----- Records provided
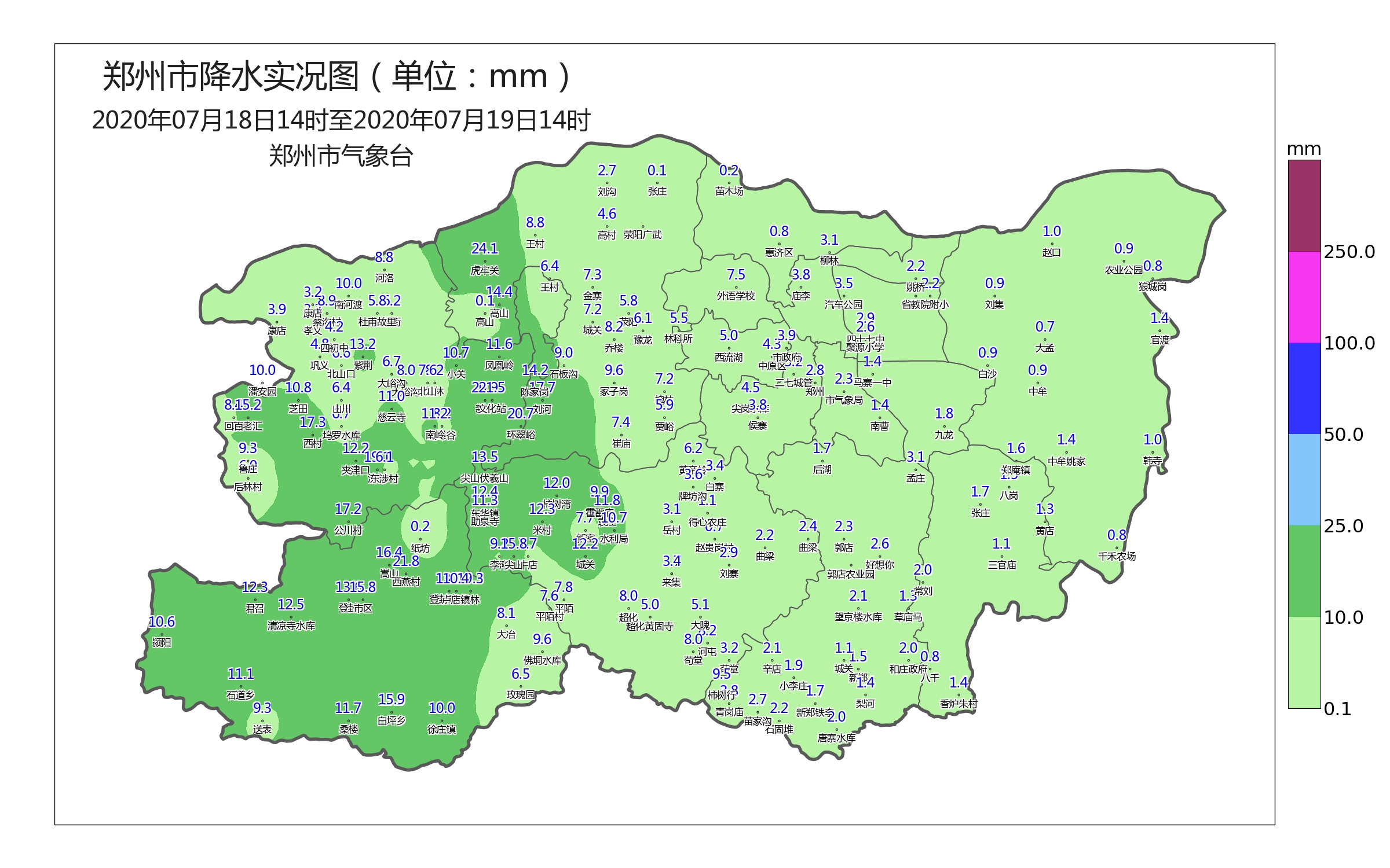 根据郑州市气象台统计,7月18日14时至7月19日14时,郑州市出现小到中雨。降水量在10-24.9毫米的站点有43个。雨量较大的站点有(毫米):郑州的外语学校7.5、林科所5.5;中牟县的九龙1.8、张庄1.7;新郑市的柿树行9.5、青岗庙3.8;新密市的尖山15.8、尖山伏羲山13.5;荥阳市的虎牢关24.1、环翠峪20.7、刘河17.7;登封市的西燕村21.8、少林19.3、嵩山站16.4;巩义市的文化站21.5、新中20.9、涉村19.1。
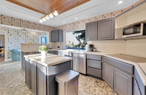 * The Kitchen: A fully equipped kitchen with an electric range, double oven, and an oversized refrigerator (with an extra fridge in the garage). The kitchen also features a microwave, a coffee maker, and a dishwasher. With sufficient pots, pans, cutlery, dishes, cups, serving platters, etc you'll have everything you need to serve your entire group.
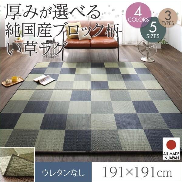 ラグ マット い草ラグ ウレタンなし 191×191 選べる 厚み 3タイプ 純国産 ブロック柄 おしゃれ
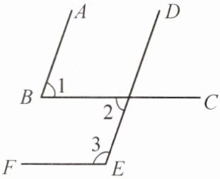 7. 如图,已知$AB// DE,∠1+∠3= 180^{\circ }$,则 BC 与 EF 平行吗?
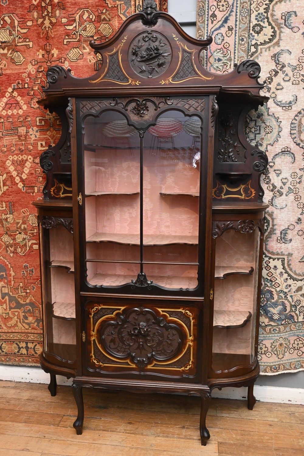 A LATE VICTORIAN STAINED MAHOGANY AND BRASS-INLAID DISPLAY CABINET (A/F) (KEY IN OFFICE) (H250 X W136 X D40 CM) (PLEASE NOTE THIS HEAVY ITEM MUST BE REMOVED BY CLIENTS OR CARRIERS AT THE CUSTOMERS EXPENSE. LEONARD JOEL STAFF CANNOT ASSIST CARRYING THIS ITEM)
----------
----- Records provided
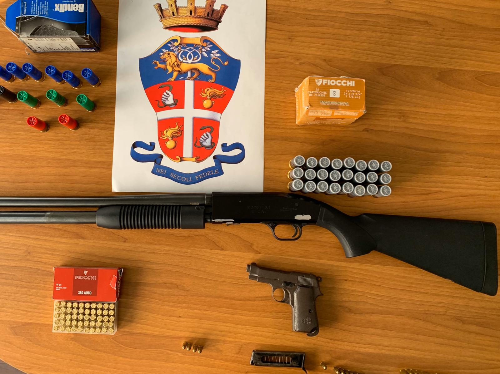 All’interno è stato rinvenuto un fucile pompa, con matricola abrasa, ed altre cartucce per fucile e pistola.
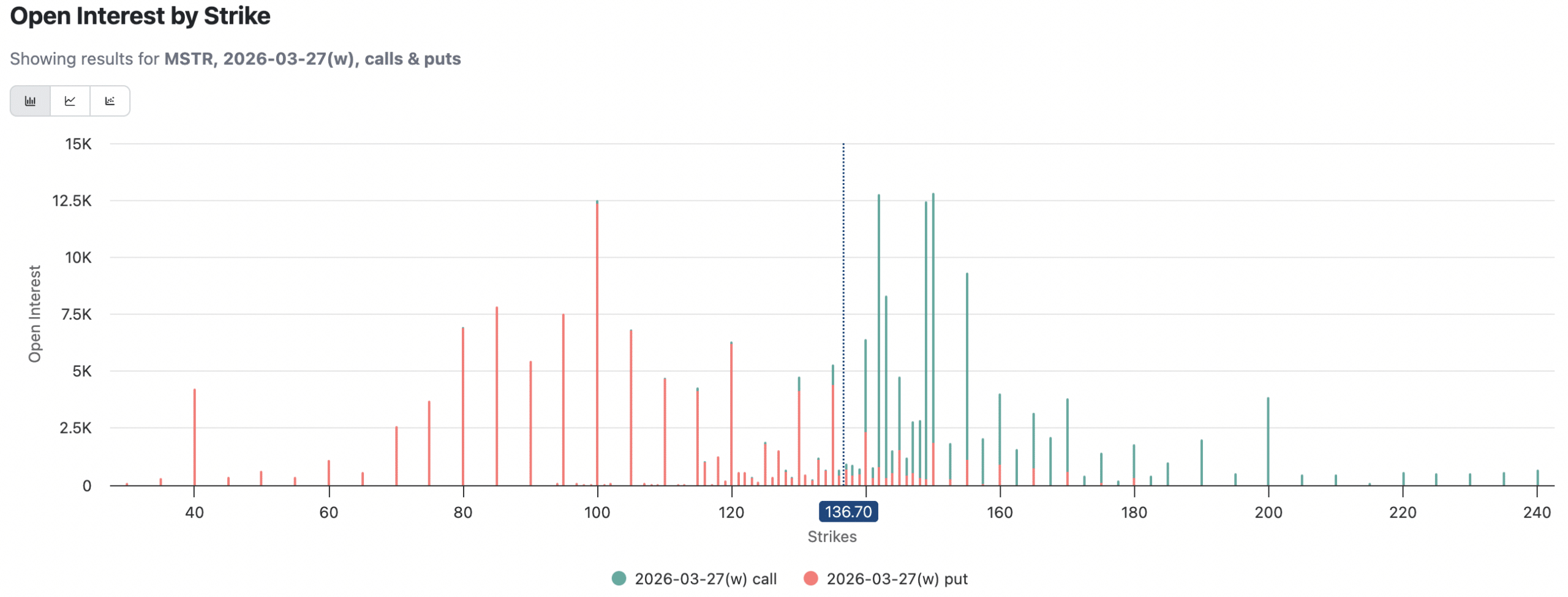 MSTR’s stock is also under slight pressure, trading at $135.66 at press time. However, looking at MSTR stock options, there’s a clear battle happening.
----------
The task
In the data above, start at the line holding "根据郑州市气象台统计,7月1" and stop after the line holding "A LATE VICTORIAN"; write out those lines exactly, without pictures.

Result of the exercise
 根据郑州市气象台统计,7月18日14时至7月19日14时,郑州市出现小到中雨。降水量在10-24.9毫米的站点有43个。雨量较大的站点有(毫米):郑州的外语学校7.5、林科所5.5;中牟县的九龙1.8、张庄1.7;新郑市的柿树行9.5、青岗庙3.8;新密市的尖山15.8、尖山伏羲山13.5;荥阳市的虎牢关24.1、环翠峪20.7、刘河17.7;登封市的西燕村21.8、少林19.3、嵩山站16.4;巩义市的文化站21.5、新中20.9、涉村19.1。
 * The Kitchen: A fully equipped kitchen with an electric range, double oven, and an oversized refrigerator (with an extra fridge in the garage). The kitchen also features a microwave, a coffee maker, and a dishwasher. With sufficient pots, pans, cutlery, dishes, cups, serving platters, etc you'll have everything you need to serve your entire group.
 ラグ マット い草ラグ ウレタンなし 191×191 選べる 厚み 3タイプ 純国産 ブロック柄 おしゃれ
 7. 如图,已知$AB// DE,∠1+∠3= 180^{\circ }$,则 BC 与 EF 平行吗?
 A LATE VICTORIAN STAINED MAHOGANY AND BRASS-INLAID DISPLAY CABINET (A/F) (KEY IN OFFICE) (H250 X W136 X D40 CM) (PLEASE NOTE THIS HEAVY ITEM MUST BE REMOVED BY CLIENTS OR CARRIERS AT THE CUSTOMERS EXPENSE. LEONARD JOEL STAFF CANNOT ASSIST CARRYING THIS ITEM)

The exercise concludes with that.